Cash, cash equivalents, restricted cash, and marketable securities totaled US$30.9 million at quarter-end, down from US$54.2 million at the end of 2025. The company’s working capital remains positive at US$42.0 million, but management flagged substantial doubt about its ability to continue as a going concern beyond the next twelve months without additional capital raising. EBR is currently compliant with its debt covenants under a US$41.8 million loan facility from Runway Growth Finance Corp, due in mid-2027.
Equity Restructuring and Investor Engagement
In March, EBR implemented a 1-for-10 reverse stock split to streamline its equity structure, adjusting the CHESS Depositary Interest (CDI) conversion ratio accordingly. This move did not alter the number of CDIs held by investors but was intended to enhance trading liquidity and appeal.
Throughout Q1, EBR actively engaged with investors and the healthcare investment community, participating in major conferences including J.P. Morgan Healthcare in San Francisco and the Leerink Global Healthcare Conference in Miami.
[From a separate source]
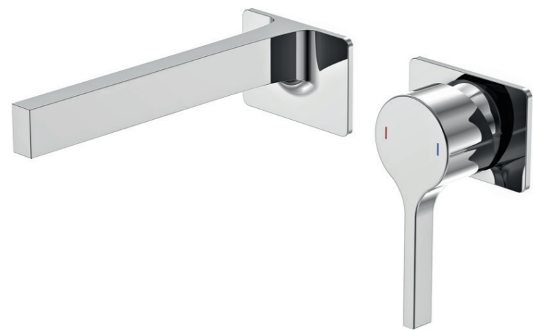
STEINBERG Waschtischmischer / basin mixer

These forums provided platforms to highlight FDA approval, reimbursement progress, and early commercial traction.
Clinical and Commercial Foundations for Growth
Beyond commercial metrics, EBR continues to build clinical evidence through ongoing studies such as the WiSE-UP post-approval study and the TLC-AU feasibility study. These efforts aim to validate the safety and efficacy of the leadless WiSE CRT System, which offers a novel approach to left ventricular pacing without the complications associated with traditional leads.
The company’s strategy remains focused on targeted hospital rollouts, physician training, and reimbursement navigation to foster adoption. However, the path to broad market penetration and profitability remains uncertain, hinging on regulatory approvals, competitive dynamics, and capital availability.
Bottom Line?
EBR’s Q1 momentum and TGA Priority Review signal commercial and regulatory progress, but mounting losses and cash burn intensify the urgency for fresh capital to sustain its growth trajectory.
Questions in the middle?
- How quickly can EBR convert TGA Priority Review into ARTG approval and commercial sales in Australia?
- Will the company’s cash reserves and credit facilities suffice to reach profitability or require imminent capital raising?
- How will evolving clinical data and competitive pressures shape physician adoption of the WiSE CRT System?